Okay, forget Meryl. Let’s talk instead about the whole no-host thing. Has the Academy finally figured out what FM radio stations figured out way back in the 1980s? That it was actually cheaper and more efficient not to have DJs? Just use computers and engineers to keep the songs playing because nobody really wants to hear all the chatter in between anyway. Is this the wave of the future for awards shows? And when will network newscast programs finally wise up to this?

Actually, the host was missed. Imagine what the night would have been with Kevin Hart doing a monolog and quipping during the evening. For one thing, it would have been longer, but it might also have been more entertaining. Was this not the dullest awards show ever? I think it’s official now. The Oscars are now basically an overlong annual infomercial, and to make sure there is no doubt of this, poor Laura Dern was trotted out to do an actual commercial for the Academy’s long-trouble-plagued new museum. Winners were not only “played off” by music brutally in some cases, their mike was cut to keep them from talking over the music. I mean what can you say about an evening where the most-talked-about line seemed to be: “I can’t believe a film about menstruation just won an Oscar!”

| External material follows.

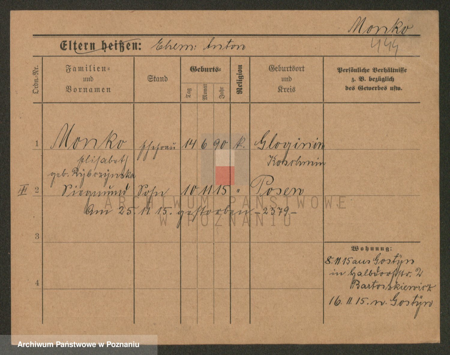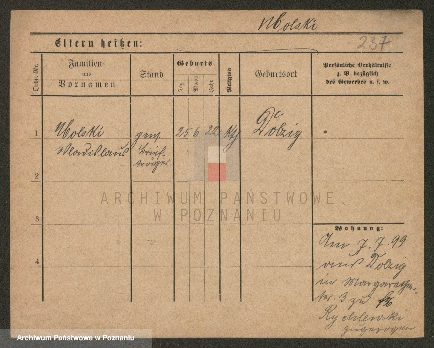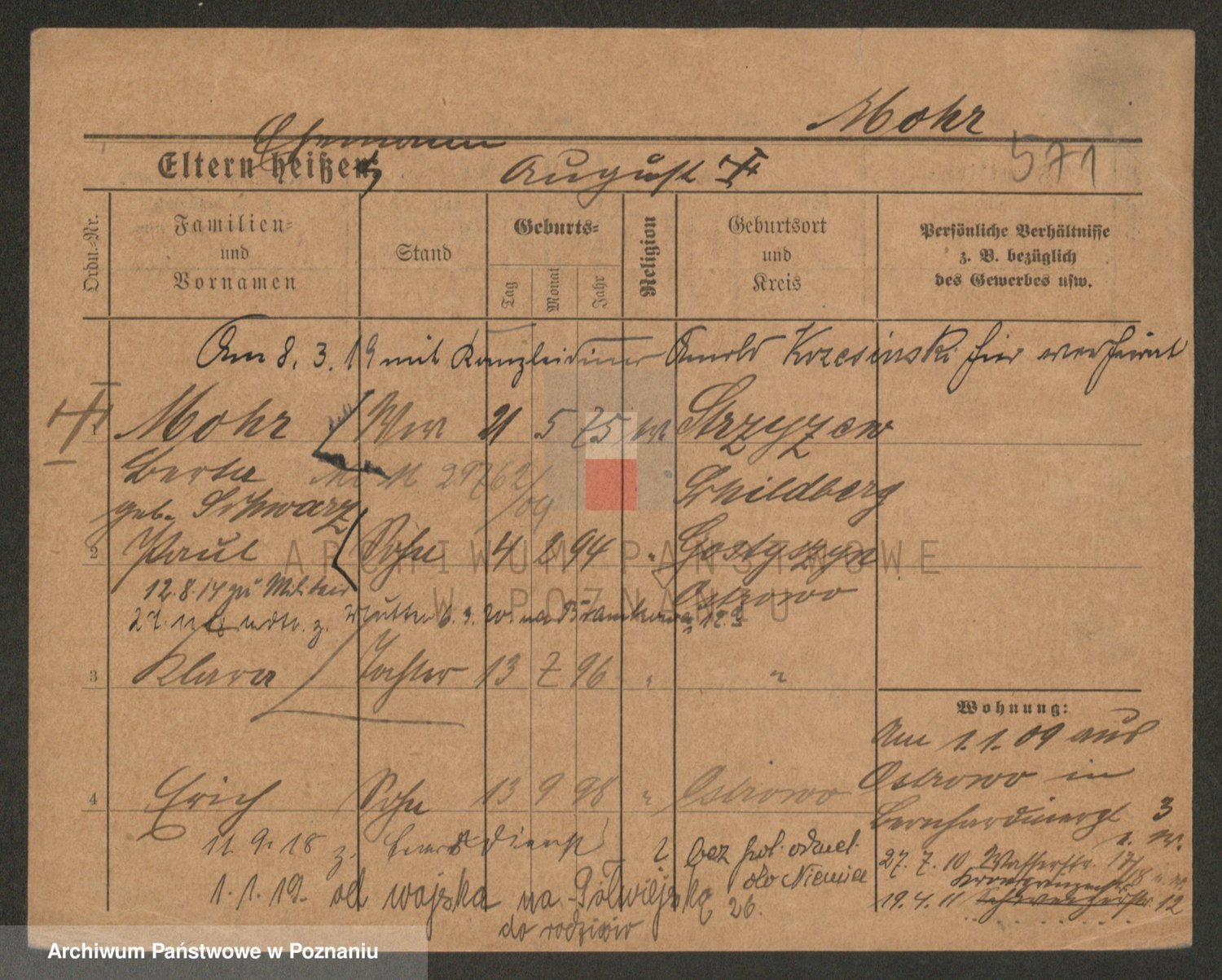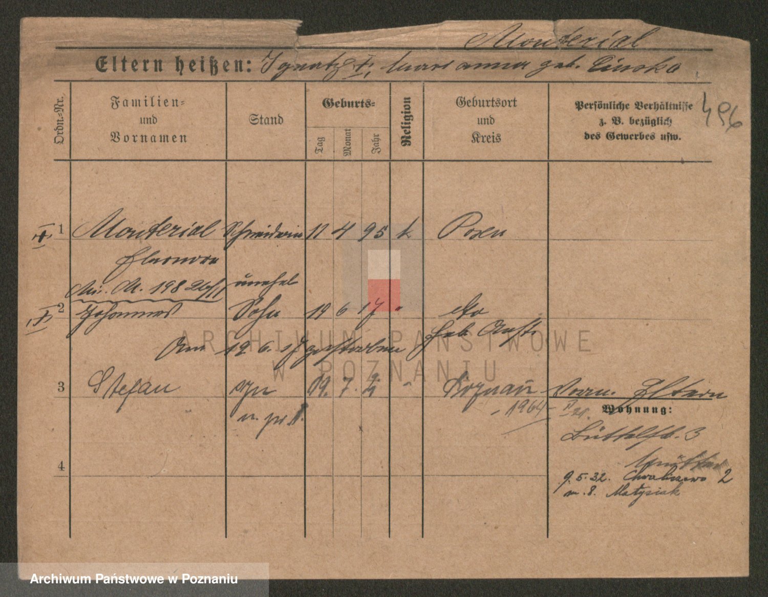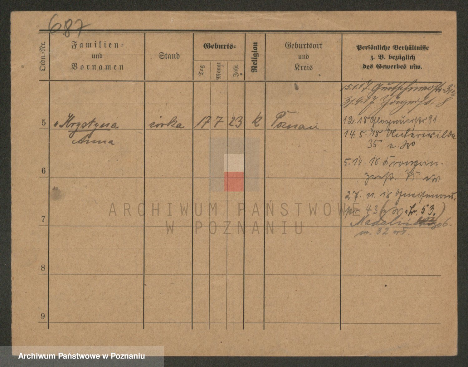 Podgląd karty osobowej dostępny jest po kliknięciu na nazwisko lub ikonkę karty. Można dokonywać powiększenia (ikony na górze) lub przechodzić między kolejnymi skanami (strzałki po bokach).

In fairness, things got off to a rollicking start with a performance by Queen (with Adam Lambert filling in for the late Freddie Mercury) that actually kind of hit the right tone for the evening. This was later nailed down when Mike Myers and Dana Carvey paid tribute to their own tribute to Queen way back in 1992 in Wayne’s World, thereby reminding us that Saturday Night Live at one time actually earned its cultural cachet. There were other good moments. Olivia Colman’s emodiment of gobsmacked was just as charming here as it was at the BAFTAs. Awkwafina and John Mulaney were so hilarious and appealing as they presented—actually I don’t even remember what awards they presented and it doesn’t matter anyway—that they made everyone else look pretty bad by comparison. Maybe the spirit of the evening was best represented by (who else?) Frances McDormand. Did I mention that I am a huge fan? I love her for refusing to load herself with makeup for these things and for touches like, as she did last night, wearing Birkenstocks with her designer gown. Co-presenter Sam Rockwell invited her to say something and, in an apparently planned gag, she pointedly kept lip zipped as if it were a hand grenade from which she dared not pull the pin. That was it. Boy, talk about the ultimate bait-and-switch. We got to see McDormand but not hear her.

Even the fact that many awards did not go according to the bookmakers’ odds (you can get an indication of this from my even-more-dismal-than-usual awards predictions) did not goose any excitement.

There were a couple of strange teaser moments. When Rami Malek concluded his nicely heartfelt acceptance speech by turning to his co-star and girlfriend Lucy Boynton, everyone thought he was going to propose. Nope. Later when Lady Gaga and Bradley Cooper sang the nominated song “Shallow,” their lips came tantalizingly close in what may have been some kind of weird homage to the will-they-or-won’t-they turn by Catherine O’Hara and Eugene Levy with the song “A Kiss at the End of the Rainbow” from A Mighty Wind. Frankly, it felt kind of creepy to me.

So, if the Oscar telecast is now nothing more than a mere marketing exercise, I suppose the most disappointing thing about it is that it is not even good marketing. At one time it was all about selling the public a world of fantasy and escape. Now it feels like a series of lectures and reproaches. They used to emphasize the billions of people watching worldwide. Now they seem to focus entirely on the beautiful and woke people in the venue—the ones allowed in because they weren’t tripped up by a litmus test.

Maybe we are just being punished because somebody forgot to nominate Meryl Streep for something this year.